Description of the task: An exact repetition of the data is required; no picture should appear in it.

Supplied material:
——————————

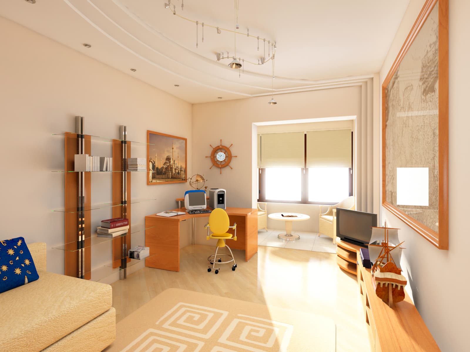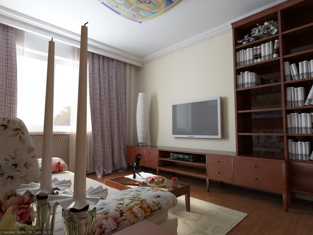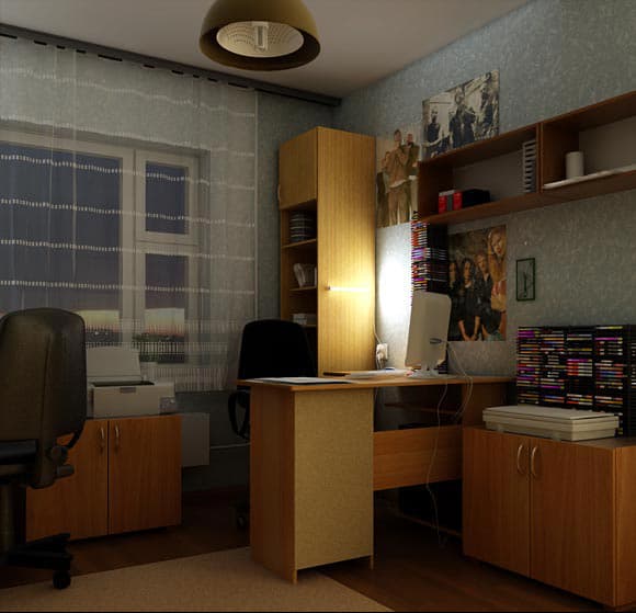 Следует также придерживаться принципа соответствия размеров объектов сцены размерам реальных объектов. Необходимость этого обязательного требования продиктована использованием закона затухания интенсивности освещения с расстоянием в любой современной рендер-программе, рассчитывающей Global Illumination.
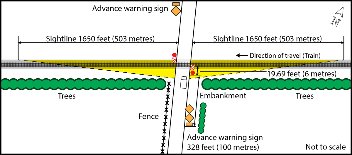 The sightlines at a crossing must allow users to have sufficient time to see an approaching train and to react to it. For crossings equipped with a stop sign, sightlines are measured from the seated driver's position with the vehicle stopped at the stop sign, not less than 5 m from the nearest rail.
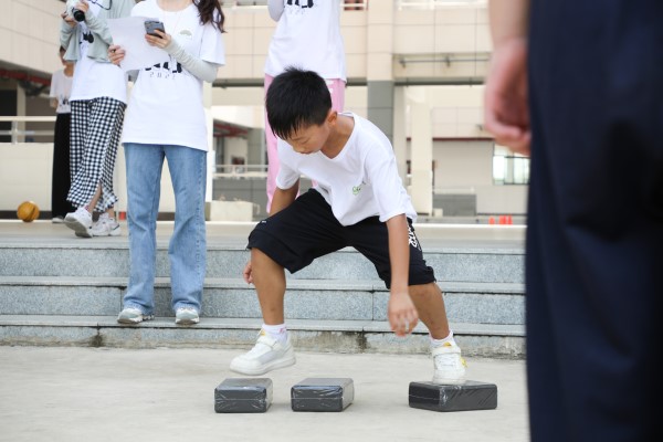 在比赛过程中,团队协作、齐心协力的故事无时不在上演。在“企鹅漫步”比赛中,同学们通过两腋和双腿分别夹紧三个球,并将求运送到赛道的另一端。当球不慎滚落时,同组成员帮助场上队员调整球的位置,并分享比赛经验、指导正确的夹球姿势;而在“摸石头过河”的赛场上,队尾的同学将铺在地上的海绵砖传递到队首,在紧密的配合中,同学们踩着海绵砖一步一步向终点移动。
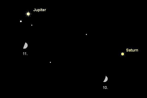 ist ein Planet am Abendhimmel, dessen teleskopische Beobachtungsperiode im November endet. Der 0.7m helle Ringplanet bewegt sich rechtläufig durch das Sternbild Steinbock. Sein Untergang verlagert sich im Monatsverlauf von 22:30 MEZ auf 20:45 MEZ. Der Äquatordurchmesser des elliptischen Scheibchens misst 16.4“, der des Rings 37.0x12.2“. Außer der Saturnkugel und dem Saturnring kann man sich an der Beobachtung der fünf hellsten Saturnmonde versuchen. Am Abend des 10. Oktober steht der Mond 5° unterhalb des Ringplaneten.
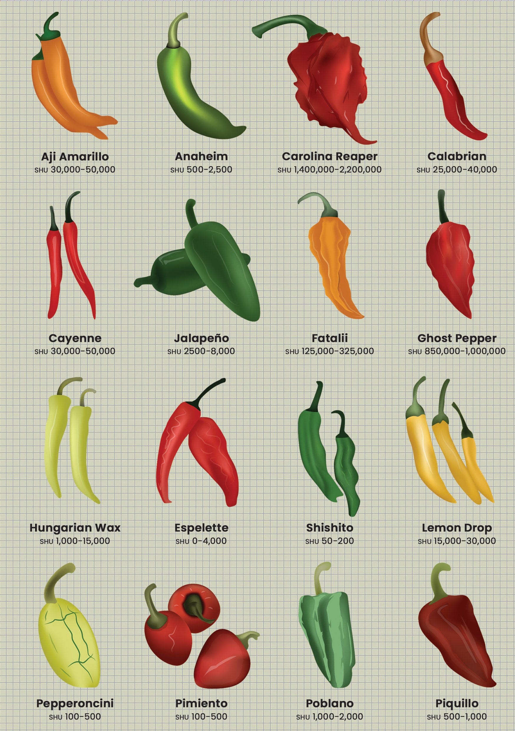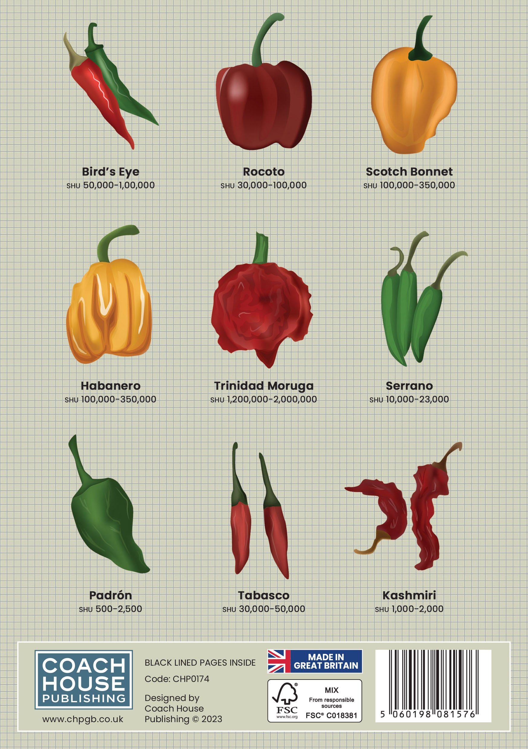 The front and rear cover displays a series of carefully illustrated images from the mild Pepperoncini right through to the flaming hot Carolina Reaper.

——————————

Task result:
 Следует также придерживаться принципа соответствия размеров объектов сцены размерам реальных объектов. Необходимость этого обязательного требования продиктована использованием закона затухания интенсивности освещения с расстоянием в любой современной рендер-программе, рассчитывающей Global Illumination.
 The sightlines at a crossing must allow users to have sufficient time to see an approaching train and to react to it. For crossings equipped with a stop sign, sightlines are measured from the seated driver's position with the vehicle stopped at the stop sign, not less than 5 m from the nearest rail.
 在比赛过程中,团队协作、齐心协力的故事无时不在上演。在“企鹅漫步”比赛中,同学们通过两腋和双腿分别夹紧三个球,并将求运送到赛道的另一端。当球不慎滚落时,同组成员帮助场上队员调整球的位置,并分享比赛经验、指导正确的夹球姿势;而在“摸石头过河”的赛场上,队尾的同学将铺在地上的海绵砖传递到队首,在紧密的配合中,同学们踩着海绵砖一步一步向终点移动。
 ist ein Planet am Abendhimmel, dessen teleskopische Beobachtungsperiode im November endet. Der 0.7m helle Ringplanet bewegt sich rechtläufig durch das Sternbild Steinbock. Sein Untergang verlagert sich im Monatsverlauf von 22:30 MEZ auf 20:45 MEZ. Der Äquatordurchmesser des elliptischen Scheibchens misst 16.4“, der des Rings 37.0x12.2“. Außer der Saturnkugel und dem Saturnring kann man sich an der Beobachtung der fünf hellsten Saturnmonde versuchen. Am Abend des 10. Oktober steht der Mond 5° unterhalb des Ringplaneten.
 The front and rear cover displays a series of carefully illustrated images from the mild Pepperoncini right through to the flaming hot Carolina Reaper.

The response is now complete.